I am installing OpenSUSe Tumbleweed as follows a 512MB BootEFI partition, a 144GB root (btrfs) partition, and an 18GB swap partition on a laptop with 16GB of ram. For he most part my ACTUAL user data will be stored on in SMB workgroup storage or NTFS partition as this is a dual boot machine with Windows 10. In a previous discussion I asked about snapshotting the user configuration data that under my limited knowledge would be housed in the /home directory in the root partition as the OS, apps and home data will occupy a single partition as suggested after I followed dated (less appropriate) installation instructions the last time I installed. I have seen configuration instructions to allow the user to create snapshots of his/her data (necessary or at least desirable in my mind when I make application configuration changes between OS/app updates). I have also seen instructions to link snapshots (take simultaneous snapshots) as I believe should be required when performing an OS/app update saving the resulting OS, app and configuration changes as a set. I will be reviewing the two sets of instructions but is there anything I should know about rolling back when what I should be rolling back to would be an OS/app snapshot and the latest configuration snapshot (possibly NOT the one simultaneous with the desired upgrade) taken on or after the selected OS/app snapshot and BEFORE the undesired OS/app (and configuration) snapshot.
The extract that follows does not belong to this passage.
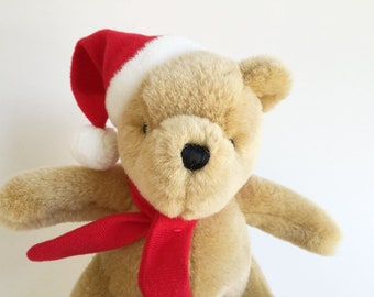 Christmas Winnie the Pooh, Santa hat & scarf, Classic Pooh Gund, Stuffed Animal, Vintage Plush, 90s Toy

I have installed pam_snapper in anticipation it would be needed. That appears unlikely since /home is in the root partition the general (and automatic because the root partition exceeds 16GB) snapper operation appears as though it will automatically include home. In addition a manual invocation of snapper, if possible, could make a configuration change without a corresponding OS/app update look exactly the same as an OS/app update meaning the rollback issue that concerns me is no different than rolling back an OS/app upgrade because they will in effect be the same thing in terms of simply choosing the appropriate snapshot.
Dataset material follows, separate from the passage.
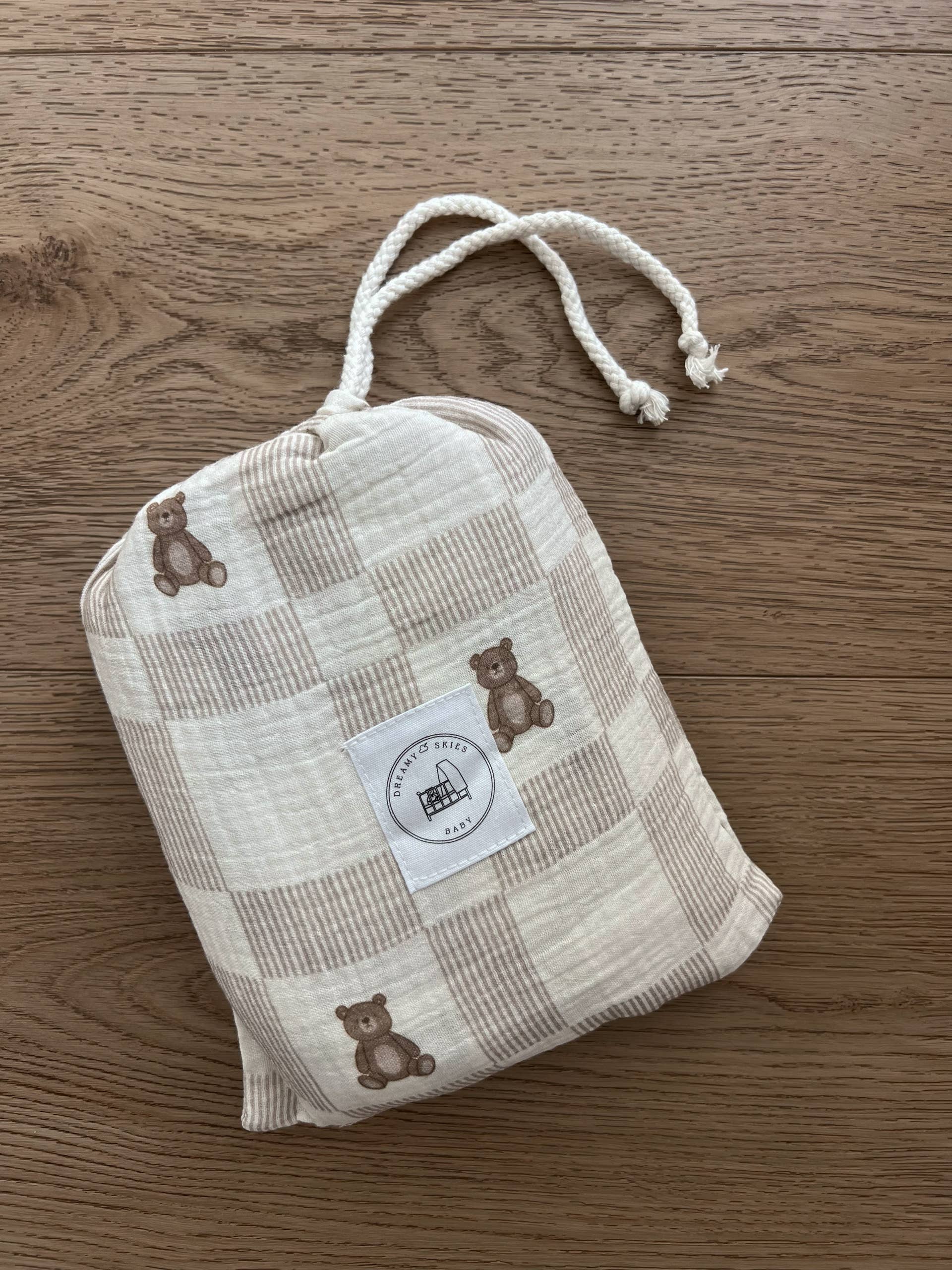Our crib sheets are 100% cotton making them breathable and soft - allowing for the best nights sleep for your little one! These are fitted sheets that fit standard crib and toddler beds. Measurements: 52 x 28 snug fit 100% Cotton. These come in a cotton reuseable cloth bag.

Thanks especially if you can confirm the latter process (second paragraph) making this simpler than I thought it would be.
First a caution. I don’t use “btrfs” myself, so I’m probably not the best source of advice.
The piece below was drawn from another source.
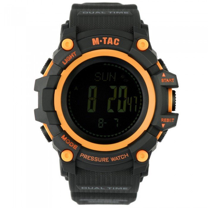 M-Tac часы тактические Adventure черные / оранжевые – идеальный выбор для людей, не представляющих свою жизнь без спорта, экстрима и путешествий. Вместе с этим часы практичны и в повседневном использовании. Электронный механизм помещен в прочный поликарбонатный корпус. Ободок выполнен из нержавеющей стали. Водостойкость модели Adventure от украинского бренда составляет 3 АТМ. Стекло из органического поликарбоната устойчиво к появлению царапин и сколов. Ремешок длиной 22 сантиметра сделан из качественного каучука. Размер корпуса – 4,6 сантиметра (диаметр) и 1,4 сантиметра (толщина). Часы обладают следующими функциями:

When “/home” is a subvolume, I think it is excluded from the usual snapshots. So if you roll back to an earlier snapshot, that won’t roll back your home directory.
Since you are going with a large root file system, you could perhaps create a subdirectory (but NOT a subvolume) – call it “home-backup”, and from time to time, backup your home config to there. You will then have snapshots for that backup. I would suggest that you backup “.config” and “.local” but do not backup “.cache”.
Maybe someone else will have some alternative suggestions.
I just re-read the section that lead me to believe /home was snapped when the OS/app changes occur. I missed a NOT in the statement, Snapshots of home directories will be separate from OS/app upgrades. Clearly I need to do more reading this is more complicated like I originally I expected.
As t the amount of USER data in my linux file system all that will be there will be that installed by the installer and log files created as a result of operating the system. The data file I create largely audio files from audacity will NOT be stored inside the linux file system they will be transferred immediately to a separate file server that contains my multimedia files.
I re-read the statement about /home being snapped and found a NOT I missed the first time. This process is every bit as complicated as I originally thought it was. I also appear to need to read about subvolumes.